▶ **Exercise**:
Restate every record exactly as it is written, while omitting the pictures it holds.

--- Source data Enclosed Below ---

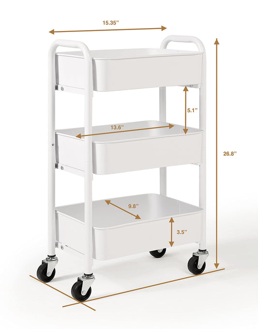 SunnyPoint 3-Tier Delicate Compact Rolling Metal Storage Organizer - Mobile Utility Cart Kitchen/Under Desk Cart with Caster Wheels - WHT (15.35" X 10.24" X 26.8"H)
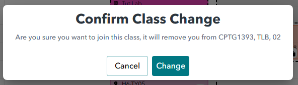 - If you want to change classes, simply click on one of the alternate classes and a prompt will appear asking you to confirm the change.
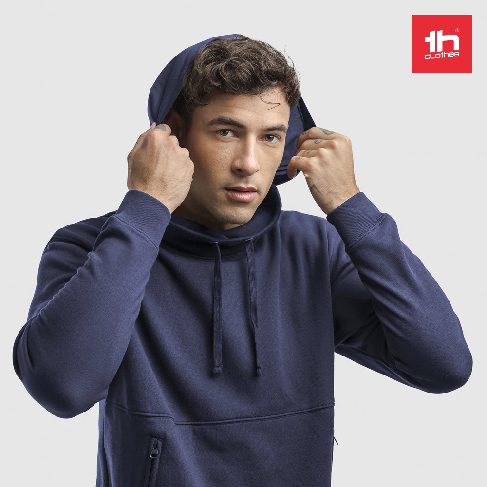 Unisex mikina s kapucňou. 50% bavlna a 50% polyester: 320 g/m². S rolákom a taftovou kapucňou zabudovanou v golieri (s plastovým zapínaním). Rebrovaný úplet 1x1 na zápästiach a páse. 2 vrecká s plastovým zapínaním. Veľkosti: XS, S, M, L, XL, XXL
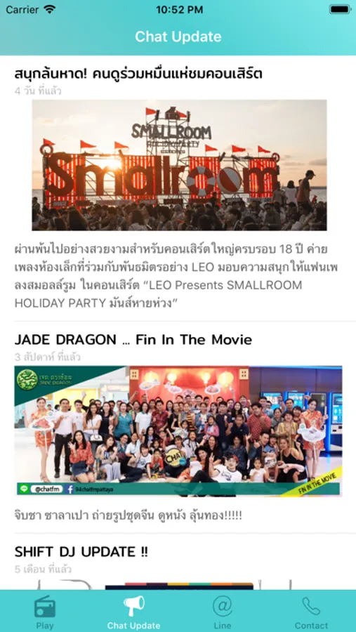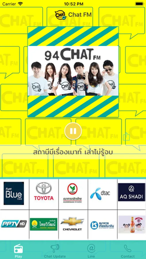 CHAT FM แอพพลิเคชั่นเพื่อการฟังเพลง แอคทีฟเรดิโอที่ มาพร้อมกับดีเจรุ่นใหม่ไฟแรงเฟร่อ เราพร้อมอยู่เป็นเพื่อนคุณ เพื่อเสิร์ฟเพลงฮิต ทั้งเพลงไทยและเพลงสากลแบบต่อเนื่องตลอด 24 ชั่วโมง อย่าลืมติดตามการอัพเดทข่าวสาร กับความสนุกสนานของรูปแบบรายการที่หลากหลาย ที่มาพร้อมของรางวัลที่ขนมาแจกกันมากมาย ร่วมสนุกกันง่ายๆ ได้ทุกวัน จันทร์ - ศุกร์ และสามารถติดตาม CHAT FM ได้ผ่านทางเว็บไซต์ www.chatfm.fm
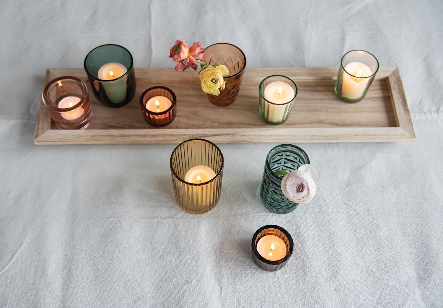 - Each glass votive measures 2 to 2.5 inches in diameter and 2 to 4.25 inches in height; The wood tray measures 22 inches in length, 5.5 inches in width, and 4.25 inches in height
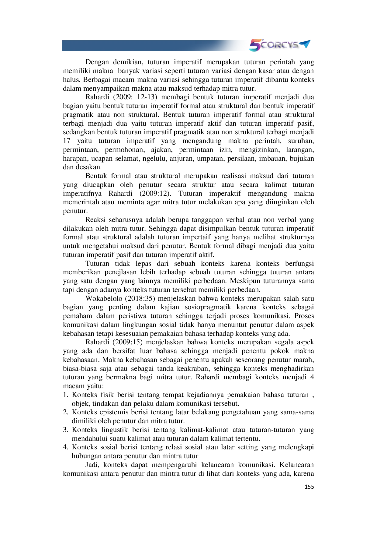 Prosiding Conference on Research and Community ServicesProsiding Conference on Research and Community ServicesPeneliti melakukan penelitian dengan judul tuturan imperatif dalam pembelajaran Bahasa Indonesia di SMP A.Wahid Hasyim Tebuireng Cukir Diwek Jombang karena SMP A. Wahid Hasyim merupakan salah satu sekolah formal yang berada di bawah naungan yayasan pondok pesantren Tebuireng atau yang biasa dikenal dengan sebutan yayasan KH. Hasyim Asyari, sehingga siswa dan guru tidak hanya dari wilayah Jombang tetapi dari berbagai wilayah seperti Kalimantan, Jakarta, Surabaya dan sebagainya. Terdiri dari berbagai wilayah menyebabkan tuturan-tuturan yang terjadi dalam pembelajaran beranekargam dengan bahasa-bahasa yang berbeda. Tujuannya adalah untuk mengetahui bentuk tuturan imperatif formal atau struktural dalam pembelajaran bahasa Indonesia di SMP A. Wahid Hasyim Tebuireng Cukir Diwek Jombang. Peneliti menggunakan jenis penelitian kualitatif berupa observasi atau pengamatan alami dengan metode deskriptif. Peneliti menemukan imperatif formal atau struktural aktif yang menggunakan penanda kesantunan imbuhan –lah dan imperatif formal atau struktural pasif yang menggunakan penanda kesantunan imbuhan -di dalam penelian yang telah dilakukan. Adapun setiap penanda kesantunan yang terdapat pada tuturan mempengaruhi tindak tutur yang terjadi.

--- End of Enclosed Source data ---

▶ **Answer box**:
 SunnyPoint 3-Tier Delicate Compact Rolling Metal Storage Organizer - Mobile Utility Cart Kitchen/Under Desk Cart with Caster Wheels - WHT (15.35" X 10.24" X 26.8"H)
 - If you want to change classes, simply click on one of the alternate classes and a prompt will appear asking you to confirm the change.
 Unisex mikina s kapucňou. 50% bavlna a 50% polyester: 320 g/m². S rolákom a taftovou kapucňou zabudovanou v golieri (s plastovým zapínaním). Rebrovaný úplet 1x1 na zápästiach a páse. 2 vrecká s plastovým zapínaním. Veľkosti: XS, S, M, L, XL, XXL
 CHAT FM แอพพลิเคชั่นเพื่อการฟังเพลง แอคทีฟเรดิโอที่ มาพร้อมกับดีเจรุ่นใหม่ไฟแรงเฟร่อ เราพร้อมอยู่เป็นเพื่อนคุณ เพื่อเสิร์ฟเพลงฮิต ทั้งเพลงไทยและเพลงสากลแบบต่อเนื่องตลอด 24 ชั่วโมง อย่าลืมติดตามการอัพเดทข่าวสาร กับความสนุกสนานของรูปแบบรายการที่หลากหลาย ที่มาพร้อมของรางวัลที่ขนมาแจกกันมากมาย ร่วมสนุกกันง่ายๆ ได้ทุกวัน จันทร์ - ศุกร์ และสามารถติดตาม CHAT FM ได้ผ่านทางเว็บไซต์ www.chatfm.fm
 - Each glass votive measures 2 to 2.5 inches in diameter and 2 to 4.25 inches in height; The wood tray measures 22 inches in length, 5.5 inches in width, and 4.25 inches in height
 Prosiding Conference on Research and Community ServicesProsiding Conference on Research and Community ServicesPeneliti melakukan penelitian dengan judul tuturan imperatif dalam pembelajaran Bahasa Indonesia di SMP A.Wahid Hasyim Tebuireng Cukir Diwek Jombang karena SMP A. Wahid Hasyim merupakan salah satu sekolah formal yang berada di bawah naungan yayasan pondok pesantren Tebuireng atau yang biasa dikenal dengan sebutan yayasan KH. Hasyim Asyari, sehingga siswa dan guru tidak hanya dari wilayah Jombang tetapi dari berbagai wilayah seperti Kalimantan, Jakarta, Surabaya dan sebagainya. Terdiri dari berbagai wilayah menyebabkan tuturan-tuturan yang terjadi dalam pembelajaran beranekargam dengan bahasa-bahasa yang berbeda. Tujuannya adalah untuk mengetahui bentuk tuturan imperatif formal atau struktural dalam pembelajaran bahasa Indonesia di SMP A. Wahid Hasyim Tebuireng Cukir Diwek Jombang. Peneliti menggunakan jenis penelitian kualitatif berupa observasi atau pengamatan alami dengan metode deskriptif. Peneliti menemukan imperatif formal atau struktural aktif yang menggunakan penanda kesantunan imbuhan –lah dan imperatif formal atau struktural pasif yang menggunakan penanda kesantunan imbuhan -di dalam penelian yang telah dilakukan. Adapun setiap penanda kesantunan yang terdapat pada tuturan mempengaruhi tindak tutur yang terjadi.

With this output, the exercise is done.